Y es cier­to que a muchos usuar­ios no solo no les impor­ta, sino que inclu­so lo agrade­cen, o has­ta lo desean, como lo es tam­bién que prob­a­ble­mente el con­cep­to mis­mo de pri­vaci­dad ha evolu­ciona­do con el tiem­po, y que lo que las nuevas gen­era­ciones con­sid­er­an pri­va­do es a menudo difer­ente a lo que sus padres y abue­los entendían como algo estric­ta­mente per­son­al. El prob­le­ma derivaría del uso que se hace de esa dosis de pri­vaci­dad que hemos con­sen­ti­do compartir.

Retomar el control

Existe, en cualquier caso, un pun­to inter­me­dio en el que, sin renun­ciar al uso de las redes sociales y de otros pro­duc­tos y ser­vi­cios en Inter­net, podemos ejercer un may­or con­trol sobre lo que com­par­ti­mos, un con­trol que incluye des­de usar nave­g­adores, exten­siones y her­ramien­tas que incre­men­tan nues­tra pri­vaci­dad al nave­g­ar, has­ta sim­ple­mente ser más con­scientes de que todo lo que subi­mos a la web se que­da allí para siempre.

A veces bas­ta recor­dar que con tan solo unos pocos clicks podemos decir que ‘no’ a un gran número de opciones en, por ejem­p­lo, los ajustes de nues­tra cuen­ta de Google, el may­or con­sum­i­dor de datos online. O que en Face­book se pueden apa­gar los ser­vi­cios de ubi­cación, desac­ti­var apli­ca­ciones en las que no con­fi­amos o de las que no ten­emos sufi­ciente infor­ma­ción, o pon­er límites en la con­fig­u­ración de lo que compartimos.

En España, la Orga­ni­zación de Con­sum­i­dores y Usuar­ios (OCU) ini­ció hace un año una cam­paña en este sen­ti­do (Mis datos son míos), con el fin de «con­seguir que los con­sum­i­dores asuman un rol pos­i­ti­vo, proac­ti­vo y cen­tral en el nue­vo mer­ca­do de datos».

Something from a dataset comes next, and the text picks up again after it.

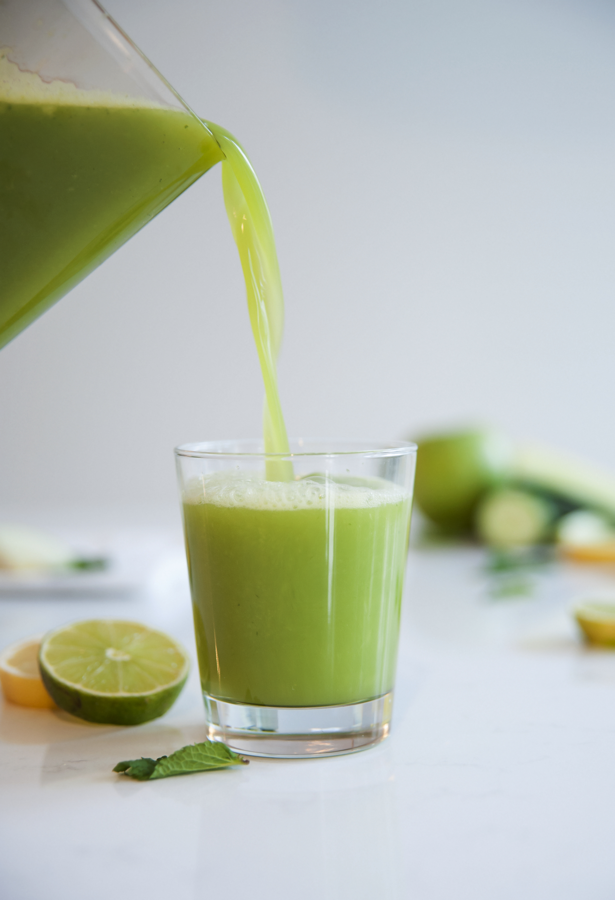 Þessi drykkur inniheldur myntu, sem er frábær fyrir bætta meltingu og einbeitingu. Það má sjálfsagt nota steinselju í staðinn eða jafnvel bæði fyrir ævintýragjarna en steinselja er talin vera ein helsta fegurðarfæðan.

Además de exi­gir a las empre­sas que exista siem­pre conocimien­to y con­sen­timien­to expre­so por parte del usuario sobre el uso pos­te­ri­or de la infor­ma­ción, y que sea posi­ble revo­car ese con­sen­timien­to en cualquier momen­to, y cor­re­gir y recu­per­ar los datos de una for­ma sen­cil­la, la OCU desta­ca espe­cial­mente la impor­tan­cia de ten­er bien con­fig­u­ra­da la pri­vaci­dad en las redes sociales.

Es un primer paso para, al menos, ser con­scientes del pre­cio que esta­mos pagan­do, y decidir en con­se­cuen­cia mien­tras dis­fru­ta­mos de los gati­tos o hace­mos la revolución.